__Records provided__.
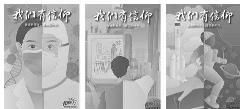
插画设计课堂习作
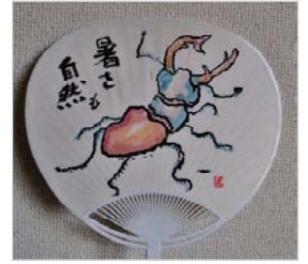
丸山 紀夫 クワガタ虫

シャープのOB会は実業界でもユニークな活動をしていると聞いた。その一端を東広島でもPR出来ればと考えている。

--

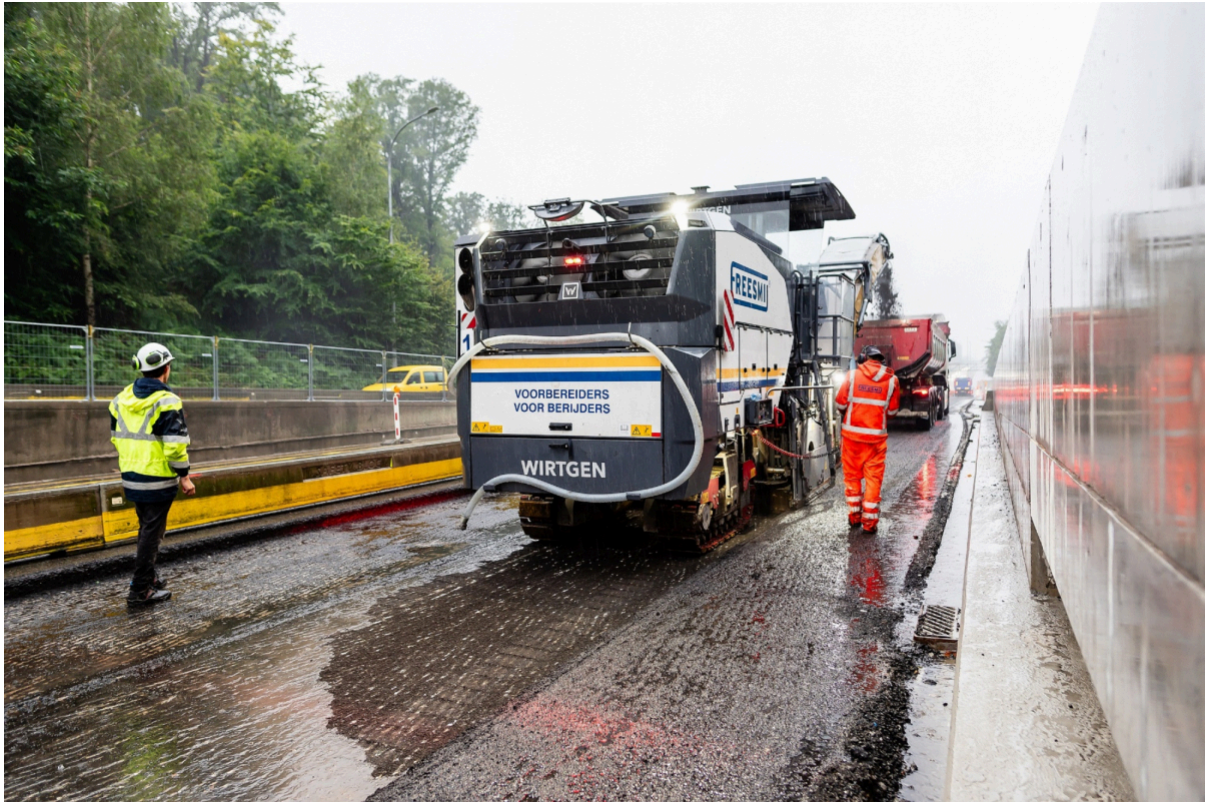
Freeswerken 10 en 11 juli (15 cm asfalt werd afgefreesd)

__Exercise requirements__. Out of the data above, set down the lines from the one with "丸山 紀夫 クワガタ虫" to the one with "シャープのOB会は実業界でも", both included, exactly as written and with no additions.

__Answer area__.
丸山 紀夫 クワガタ虫

シャープのOB会は実業界でもユニークな活動をしていると聞いた。その一端を東広島でもPR出来ればと考えている。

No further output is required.